- **INPUT MATERIAL**:
□ □ □
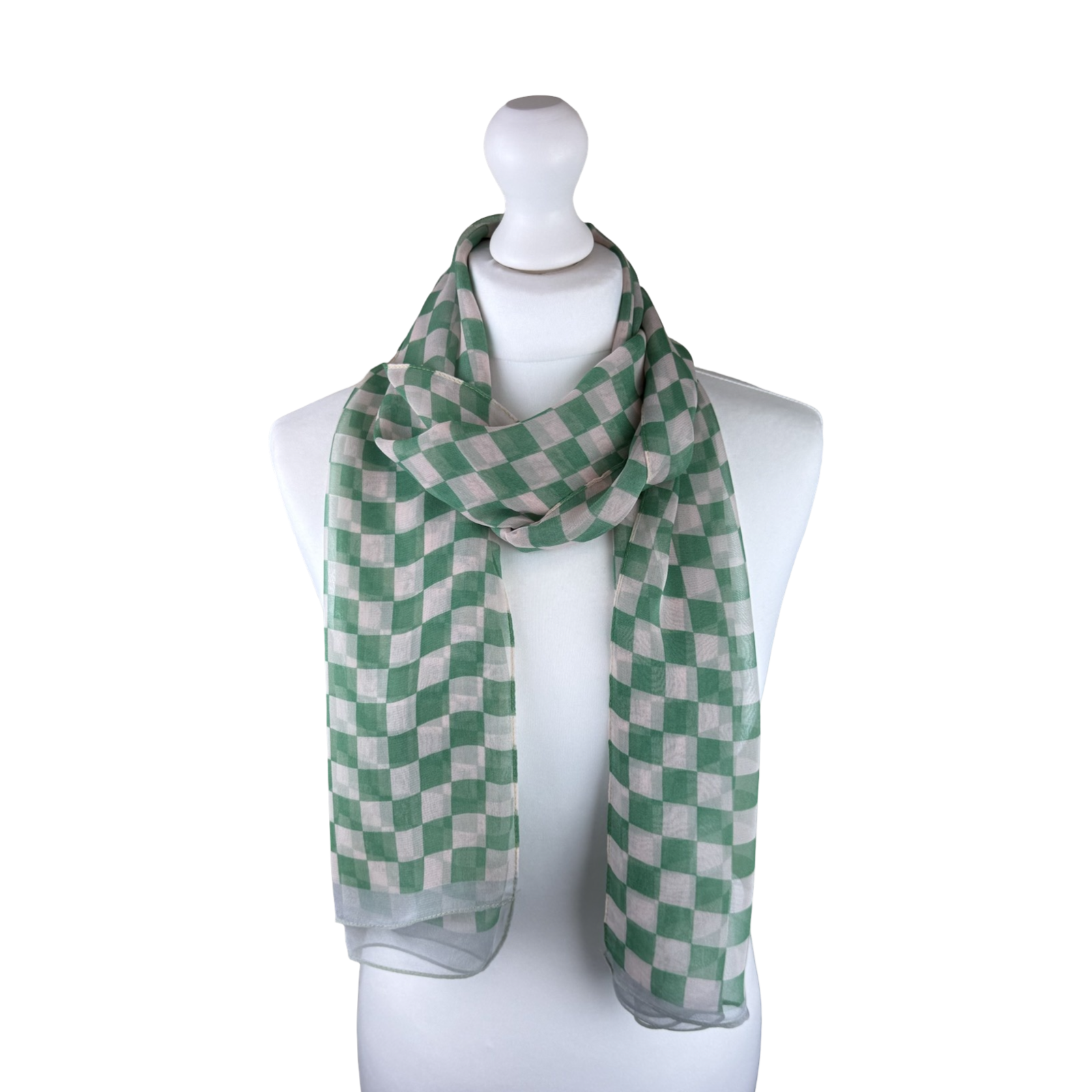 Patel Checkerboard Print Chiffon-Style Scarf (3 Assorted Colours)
□ □ □
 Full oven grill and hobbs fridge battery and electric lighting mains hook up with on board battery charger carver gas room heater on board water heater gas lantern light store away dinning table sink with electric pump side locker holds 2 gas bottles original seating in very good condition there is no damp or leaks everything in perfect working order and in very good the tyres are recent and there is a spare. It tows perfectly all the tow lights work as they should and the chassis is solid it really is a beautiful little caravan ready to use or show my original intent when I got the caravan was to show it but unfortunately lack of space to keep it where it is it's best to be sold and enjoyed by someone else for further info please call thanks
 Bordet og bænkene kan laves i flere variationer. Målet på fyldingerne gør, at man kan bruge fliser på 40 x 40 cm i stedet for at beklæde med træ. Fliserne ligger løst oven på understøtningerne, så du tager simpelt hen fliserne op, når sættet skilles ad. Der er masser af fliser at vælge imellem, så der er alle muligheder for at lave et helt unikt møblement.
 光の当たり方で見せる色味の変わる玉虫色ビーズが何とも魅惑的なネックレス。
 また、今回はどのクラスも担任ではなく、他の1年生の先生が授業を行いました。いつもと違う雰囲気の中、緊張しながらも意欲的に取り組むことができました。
□ □ □
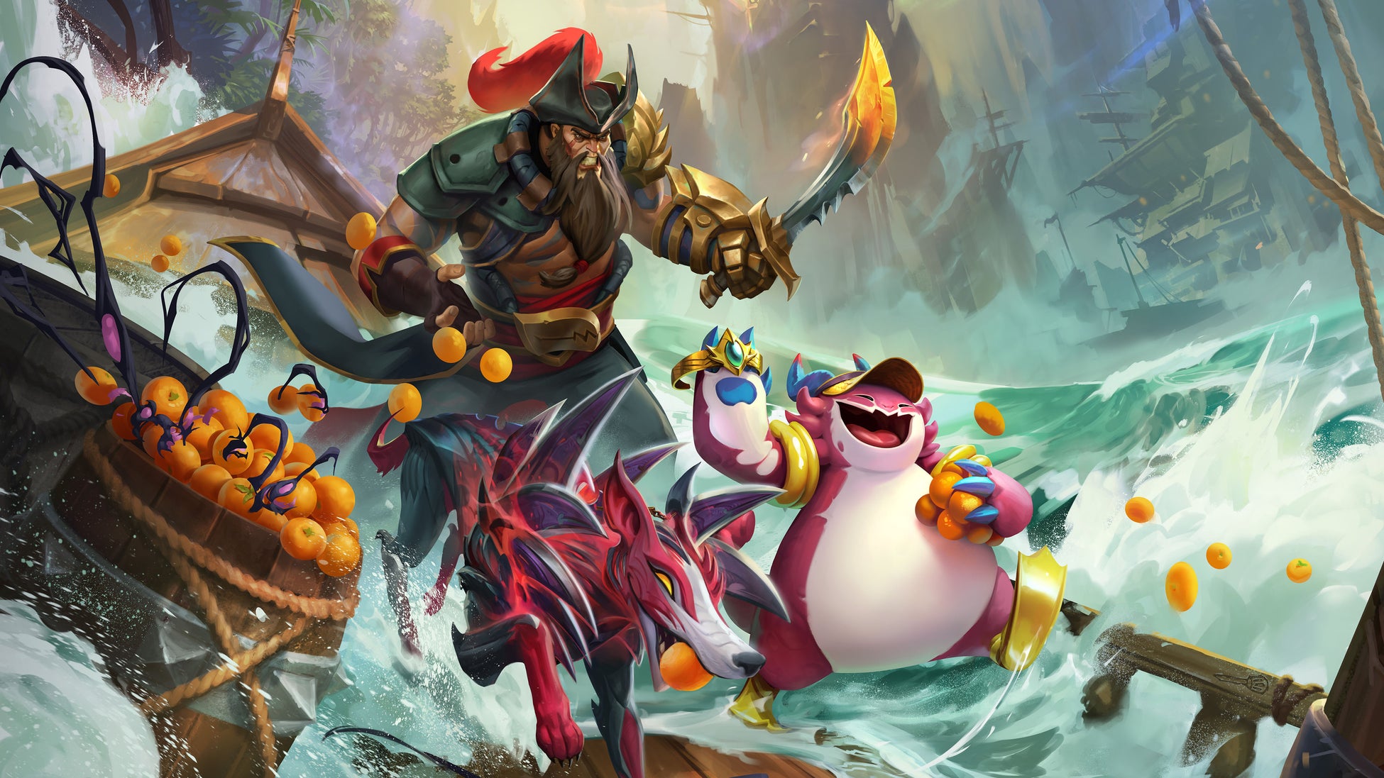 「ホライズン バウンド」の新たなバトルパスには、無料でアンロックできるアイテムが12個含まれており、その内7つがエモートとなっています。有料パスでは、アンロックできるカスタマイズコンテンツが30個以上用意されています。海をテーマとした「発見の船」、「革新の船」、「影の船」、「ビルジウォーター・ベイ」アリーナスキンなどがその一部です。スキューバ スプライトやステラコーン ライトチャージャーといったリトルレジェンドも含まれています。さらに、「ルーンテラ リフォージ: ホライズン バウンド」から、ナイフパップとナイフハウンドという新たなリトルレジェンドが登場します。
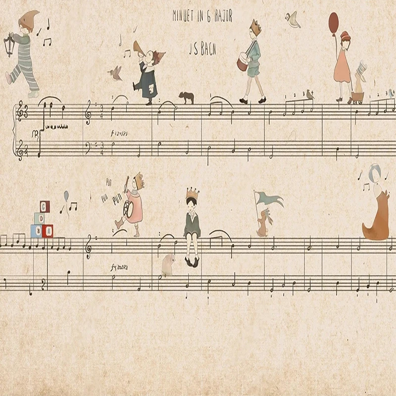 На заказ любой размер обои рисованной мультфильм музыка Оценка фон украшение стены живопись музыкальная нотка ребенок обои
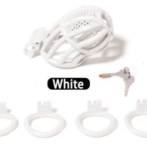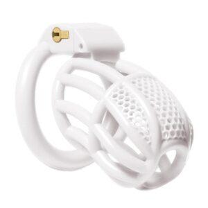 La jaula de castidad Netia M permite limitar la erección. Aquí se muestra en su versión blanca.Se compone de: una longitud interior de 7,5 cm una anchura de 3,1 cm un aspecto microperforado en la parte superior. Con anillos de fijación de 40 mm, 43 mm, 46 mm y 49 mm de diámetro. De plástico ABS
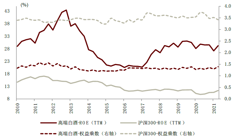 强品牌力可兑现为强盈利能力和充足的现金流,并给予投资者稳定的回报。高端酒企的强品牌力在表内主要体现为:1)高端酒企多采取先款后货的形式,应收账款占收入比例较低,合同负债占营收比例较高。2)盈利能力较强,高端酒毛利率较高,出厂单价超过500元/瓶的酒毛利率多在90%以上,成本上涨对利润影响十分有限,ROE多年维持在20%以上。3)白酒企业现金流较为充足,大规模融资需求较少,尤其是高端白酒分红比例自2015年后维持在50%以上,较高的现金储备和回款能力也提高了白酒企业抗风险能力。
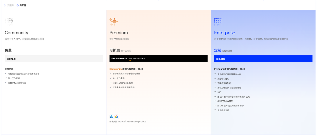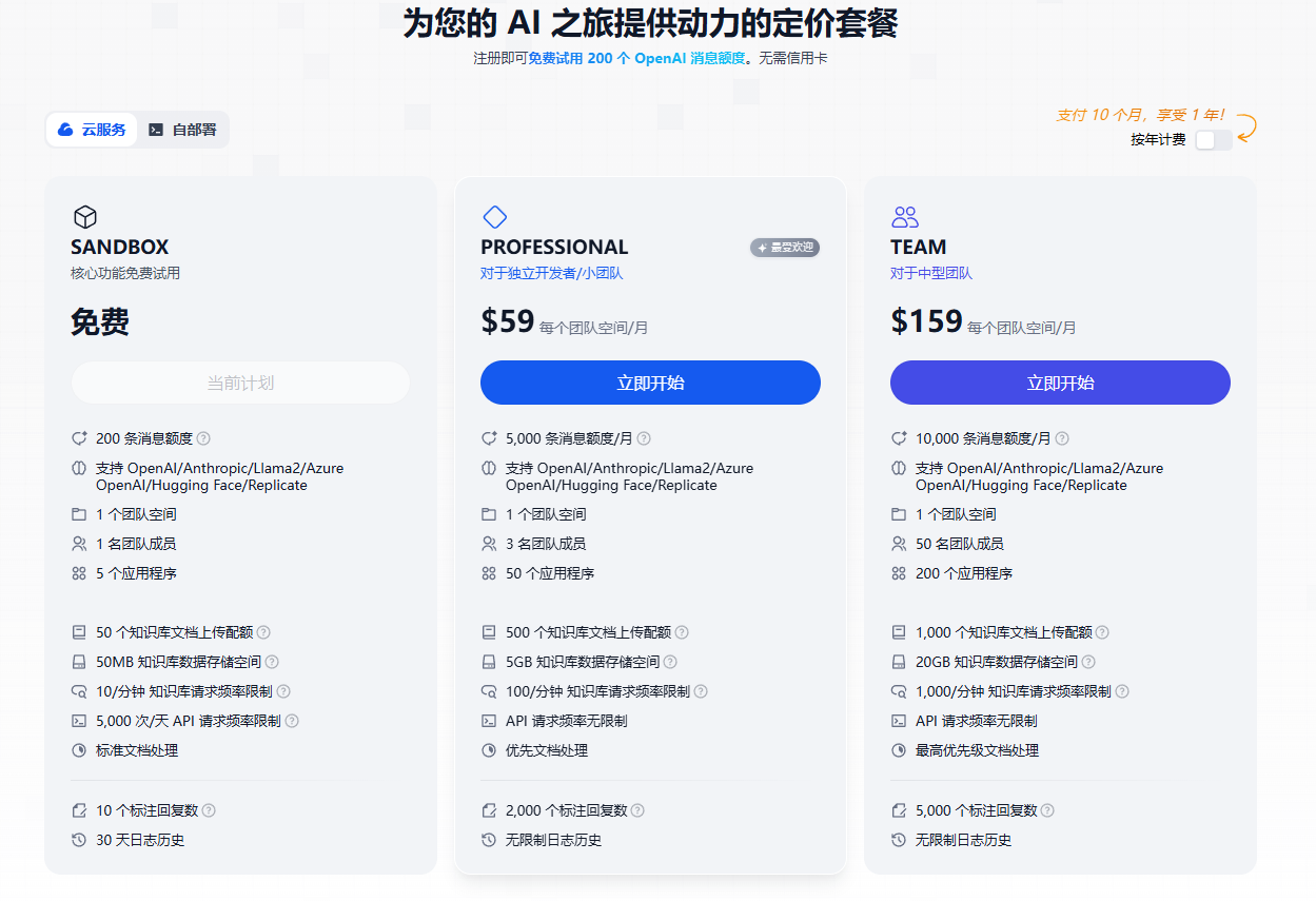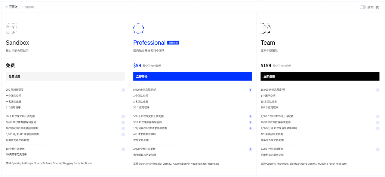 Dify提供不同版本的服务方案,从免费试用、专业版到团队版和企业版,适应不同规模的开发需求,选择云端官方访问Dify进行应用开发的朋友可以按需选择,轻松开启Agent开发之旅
□ □ □
- **EXERCISE PROMPT**:
Lines above that include the string "oven" need to be copied.

- **SOLUTION FOR THIS EXERCISE**:
 Full oven grill and hobbs fridge battery and electric lighting mains hook up with on board battery charger carver gas room heater on board water heater gas lantern light store away dinning table sink with electric pump side locker holds 2 gas bottles original seating in very good condition there is no damp or leaks everything in perfect working order and in very good the tyres are recent and there is a spare. It tows perfectly all the tow lights work as they should and the chassis is solid it really is a beautiful little caravan ready to use or show my original intent when I got the caravan was to show it but unfortunately lack of space to keep it where it is it's best to be sold and enjoyed by someone else for further info please call thanks
 Bordet og bænkene kan laves i flere variationer. Målet på fyldingerne gør, at man kan bruge fliser på 40 x 40 cm i stedet for at beklæde med træ. Fliserne ligger løst oven på understøtningerne, så du tager simpelt hen fliserne op, når sættet skilles ad. Der er masser af fliser at vælge imellem, så der er alle muligheder for at lave et helt unikt møblement.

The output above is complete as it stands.